Peer to Peer Fundraising: Goal Setting

By February 9, 2023February 23rd, 2023No Comments

Is your nonprofit or ministry involved in peer-to-peer fundraising? Peer-to-peer fundraising is a great way to extend your fundraising reach and introduce new donors to the work of the organization. Quite often peer-to-peer efforts are associated with special events or social media, so the fundraising activities may occur for a short, designated period or for longer time frame. If your organization is not using peer-to-peer fundraising, you may want to consider adding it to the array of fundraising activities you engage in.

Before jumping in, start by setting some goals.

Non-financial goals are the first goals to set. How many people do you want to reach through the campaign? The obvious answer is as many as possible but focus on being practical. Think through the different types of supporters your organization has; these may include board members, staff, volunteers, community members, businesses, and your donors. Of these who would be likely to participate? Talk with each of these identified people about recruiting five people to participate.

The number identified is going to depend on the type of campaign – are you holding a 5k or a walk, a bowl-a-thon, etc.?

Think about other community activities that may be occurring at the same time. Do your best to avoid those time when there are numerous events going on. Many communities have a “master” community calendar that you can review so you can schedule your event at an optimum time.

Peer to peer fundraising done well usually requires a budget. Investing money to develop resources to recruit others and other marketing efforts will increase participation and improve the outcome.

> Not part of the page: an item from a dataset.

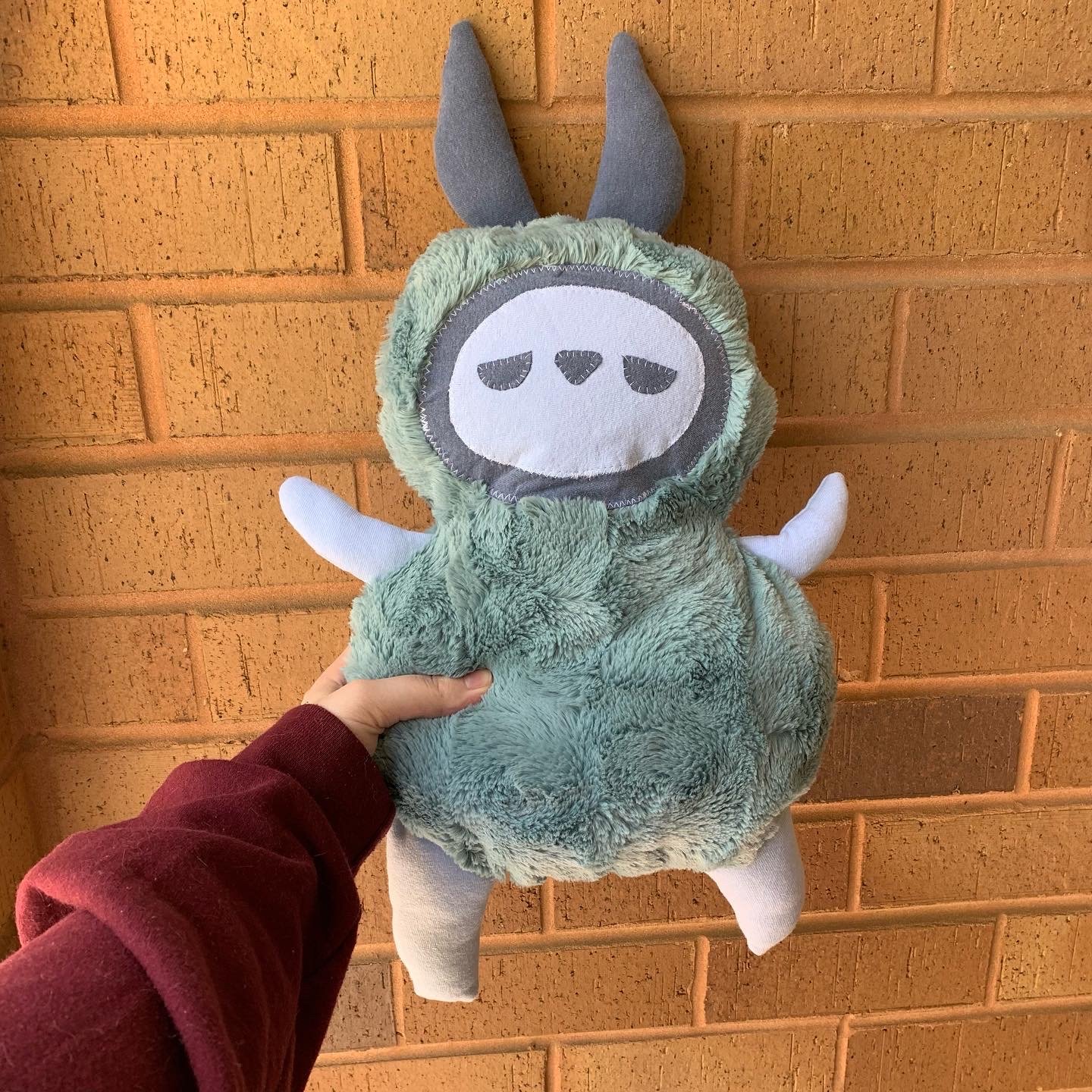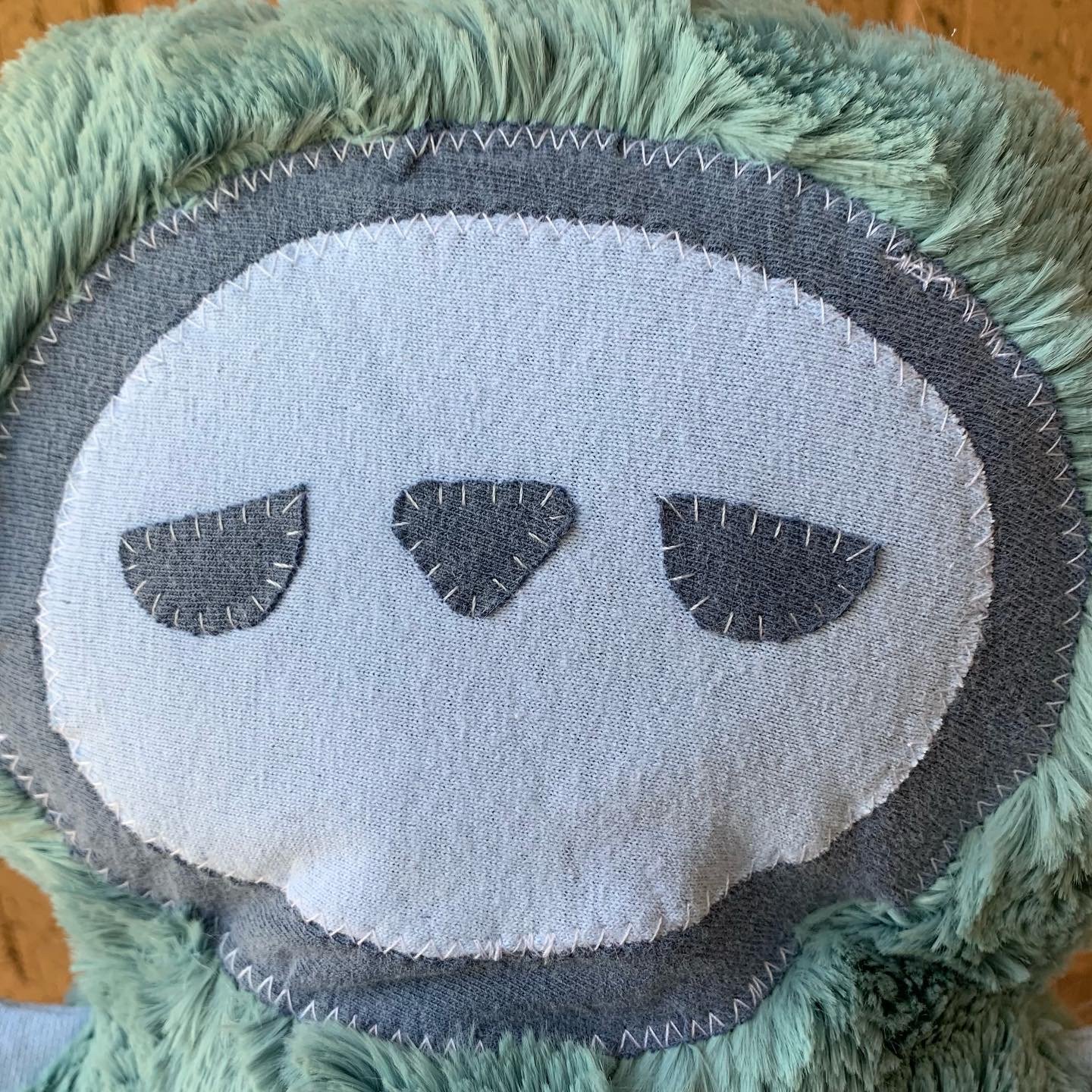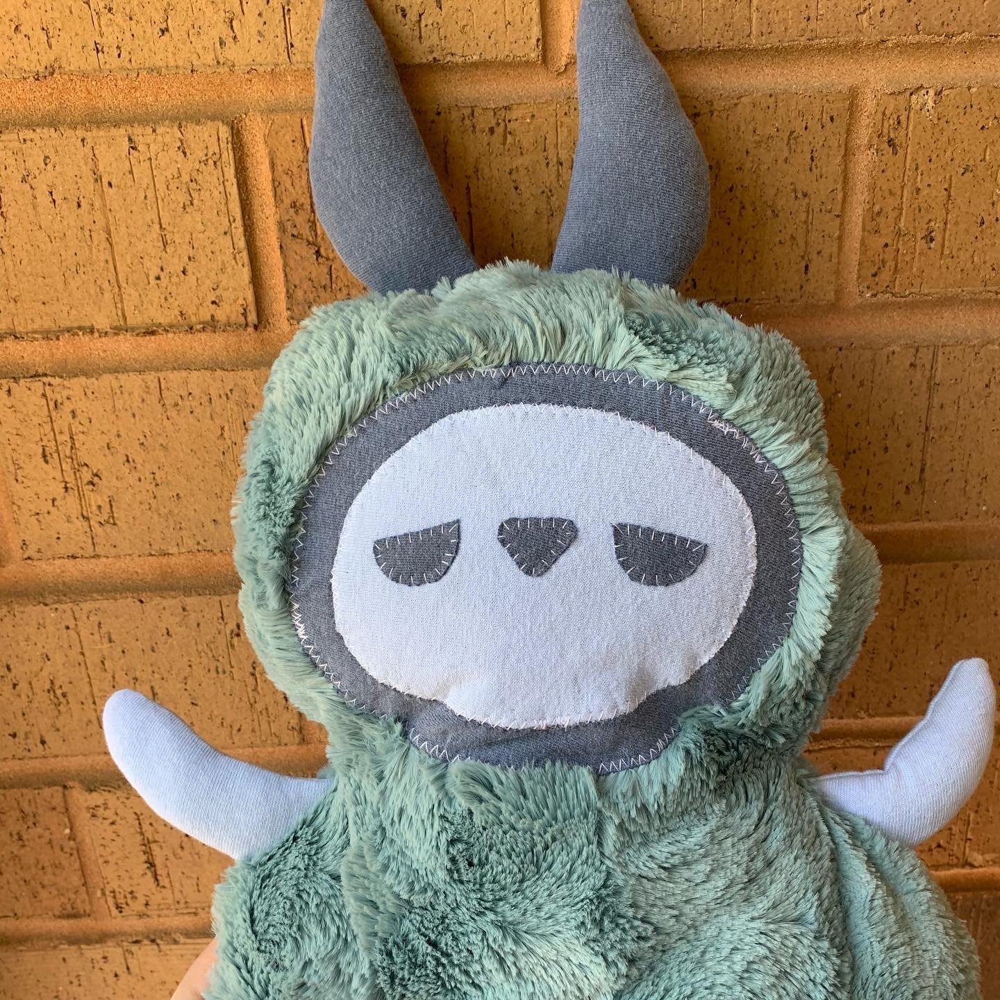 Spoon is a bit of a trickster but that’s what makes him so fun! Spoon is about 14” tall made of faux fur and upcycled tees.

Financial goals. Revenue usually comes in three forms – sponsorships, registration fees, and donations (fundraising). If you plan to seek out sponsorships, develop a sponsorship prospectus which outlines the levels and benefits for sponsors. Remember that when businesses use their sponsorship dollars, they are using marketing dollars so they are looking for a return on their investment.

Think about whether or not you will charge a registration or admission fee. If so, what will that fee be? Many organizations find they can make more money by not charging a registration fee. But on the flip side of the coin, people are more likely to show up for the event/activity after paying a registration fee

Fundraising dollars are the monies raised by the list of individuals you identified (see non-financial goals above). How much do you think each person can raise? The different groups of people you have listed may be able to raise different amounts. Once you have identified these amounts multiply them by the number of individuals identified to get an estimate of the amount of money you have the potential to raise.

Finally, add the amounts in each of these areas together to get a ballpark figure of the campaign revenue.